# recommend work boots



## greg24k (May 19, 2007)

I just got Wolverine the new model Vibram boots 6" and I gotta tell you, that is the most comfortable anti-fatigue work shoe I ever wore. Been doing a deck, backyard is uneven surface, up and down all day, and I don't feel them on... not to mention this boots slip proof, oil resistant, waterproof,insulated,shock proof, heat proof and the best part, they worth every penny. :thumbsup:


----------



## ohiohomedoctor (Dec 26, 2010)

go bengals!


----------



## TNTRenovate (Aug 19, 2010)

I was hesitant at first when looking at work boots and how expensive they could be. But your feet are very important. The design and quality of product is why they cost so much. It isn't like designed blue jeans where you are paying for a name tag. Red Wing puts our a product that will save your feet, legs, knees, back and body. Work boots are not something you simply throw on because you don't want to get you good shoes dirty.

You can pay $60-80 on a pair of work boots. They may even "last" a few years, but you will not be as happy or comfortable. Don't forget waterproofing and thermal insulating. I have had "waterproof" boots that I bought for under $100 and the were far from waterPROOF. The other day I had cement on them from pouring piers. I took the hose, sprayed them off up to the top laces and not a drop made it in my boots. This winter when everyone else's toes are falling off, mine will be nice and toasty!

As far as combat boots, it's not a bad way to go, however you have to remember comfort, posture and several other key factors are not the first thing on the military's mind. Plus most are not insulated and are vented to help dry out your feet when you are sloshing wet areas.


----------



## Jaws (Dec 20, 2010)

My old man wore his desert boots from the gulf war when he was framing for a while, if memory serves. Don't know if it was because they were comfortable or because of finances. I wore Redwings and Wolverines for years, both good. Good boots are worth a couple of bills. 

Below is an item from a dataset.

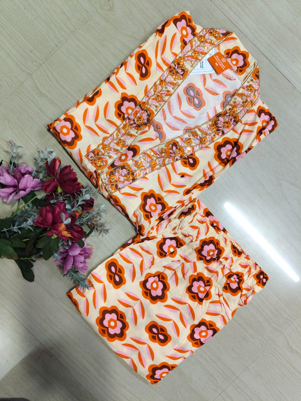 Add a pop of color to your everyday wardrobe with this vibrant cotton kurti and pant set, specially designed for confident, on-the-go women. Whether you're headed to work or college, this outfit offers the perfect blend of comfort, style, and practicality.

I wear Ariat cowboy work boots. They are made to be worn by people working on hard slabs all day, they look good and are durable. I just wore a pair fighting a big wild fire and the fire ruined the leather but didn't burn the soles. Went up a couple of points when my buddy's were changing boots out because the soles melted and mine lasted all 5 days.


----------



## TNTRenovate (Aug 19, 2010)

2nd what Jaw said. Wolverines were the last ones I owned. Had them for years. They (the model that I had) couldn't be resoled so they went in the garbage. I made sure that when I bought a new pair I got some that could be resoled.


----------



## WilsonRMDL (Sep 4, 2007)

Red wings are expensive but last much longer in my experience than cheaper boots such as timberlands. I have two pairs of red wings and don't plan on ever buying a different brand. Plus they're made in the USA


----------



## darr1 (May 25, 2010)

i bought a pair of dewalts about 6 weeks back they are already falling to pieces never again


----------



## woorki (Oct 12, 2011)

TNTSERVICES said:


> As far as combat boots, it's not a bad way to go, however you have to remember comfort, posture and several other key factors are not the first thing on the military's mind. Plus most are not insulated and are vented to help dry out your feet when you are sloshing wet areas.

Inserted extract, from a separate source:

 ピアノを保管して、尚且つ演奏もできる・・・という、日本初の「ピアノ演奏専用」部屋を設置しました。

Yeah, I'm thinking of getting a pair of Altbergs shipped to me from Amazon UK. I don't need insulation though since I'm here in Hawai'i.


----------



## TNTRenovate (Aug 19, 2010)

woorki said:


> Yeah, I'm thinking of getting a pair of Altbergs shipped to me from Amazon UK. I don't need insulation though since I'm here in Hawai'i.

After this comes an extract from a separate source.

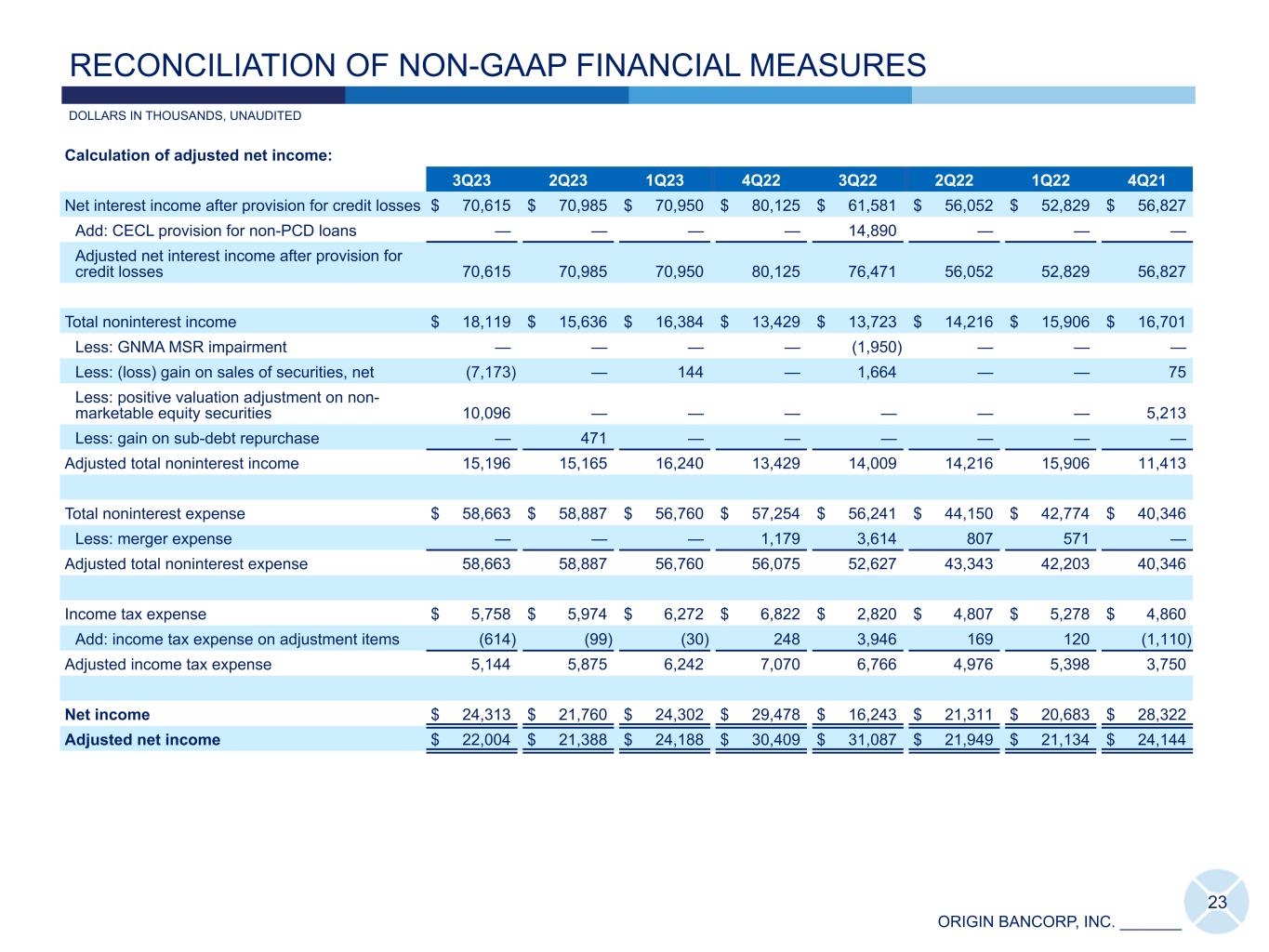 ORIGIN BANCORP, INC. _______ Calculation of adjusted net income: 3Q23 2Q23 1Q23 4Q22 3Q22 2Q22 1Q22 4Q21 Net interest income after provision for credit losses $ 70,615 $ 70,985 $ 70,950 $ 80,125 $ 61,581 $ 56,052 $ 52,829 $ 56,827 Add: CECL provision for non-PCD loans — — — — 14,890 — — — Adjusted net interest income after provision for credit losses 70,615 70,985 70,950 80,125 76,471 56,052 52,829 56,827 Total noninterest income $ 18,119 $ 15,636 $ 16,384 $ 13,429 $ 13,723 $ 14,216 $ 15,906 $ 16,701 Less: GNMA MSR impairment — — — — (1,950) — — — Less: (loss) gain on sales of securities, net (7,173) — 144 — 1,664 — — 75 Less: positive valuation adjustment on non- marketable equity securities 10,096 — — — — — — 5,213 Less: gain on sub-debt repurchase — 471 — — — — — — Adjusted total noninterest income 15,196 15,165 16,240 13,429 14,009 14,216 15,906 11,413 Total noninterest expense $ 58,663 $ 58,887 $ 56,760 $ 57,254 $ 56,241 $ 44,150 $ 42,774 $ 40,346 Less: merger expense — — — 1,179 3,614 807 571 — Adjusted total noninterest expense 58,663 58,887 56,760 56,075 52,627 43,343 42,203 40,346 Income tax expense $ 5,758 $ 5,974 $ 6,272 $ 6,822 $ 2,820 $ 4,807 $ 5,278 $ 4,860 Add: income tax expense on adjustment items (614) (99) (30) 248 3,946 169 120 (1,110) Adjusted income tax expense 5,144 5,875 6,242 7,070 6,766 4,976 5,398 3,750 Net income $ 24,313 $ 21,760 $ 24,302 $ 29,478 $ 16,243 $ 21,311 $ 20,683 $ 28,322 Adjusted net income $ 22,004 $ 21,388 $ 24,188 $ 30,409 $ 31,087 $ 21,949 $ 21,134 $ 24,144 23 DOLLARS IN THOUSANDS, UNAUDITED RECONCILIATION OF NON-GAAP FINANCIAL MEASURES

Don't get me wrong, I own a pair of Bosnia boots that I wear in the winter. They just aren't designed the greatest for posture and fatigue. The Altbergs are some nice boots though. But you may be spending as much as a good pair of American Red Wings. Just saying.


----------



## woorki (Oct 12, 2011)

Yeah, I don't mind the price too much in the case of combat boots for the primary reason that I will be able to use them in (almost) ANY situation I can think of. The salesperson I spoke with at the Red Wings store said that top-of-the-line construction boots are not versatile like combat boots are. But as you mentioned, they're not necessarily the best for comfort or posture. I am going to call the Altberg office long-distance on Monday and try to ascertain which Altberg boot will be the absolute toughest, most versatile boot that I can purchase that has soles that can be resoled.


----------



## azlandshaper (Sep 30, 2011)

Buy red wing. Im wearing them now. Have been for the last 14 hrs. and the last 14 mos before that. You wont be sorry.


----------



## Repairman615 (Jan 10, 2011)

I wore wolverines for about 10yrs, very good and oil resistant.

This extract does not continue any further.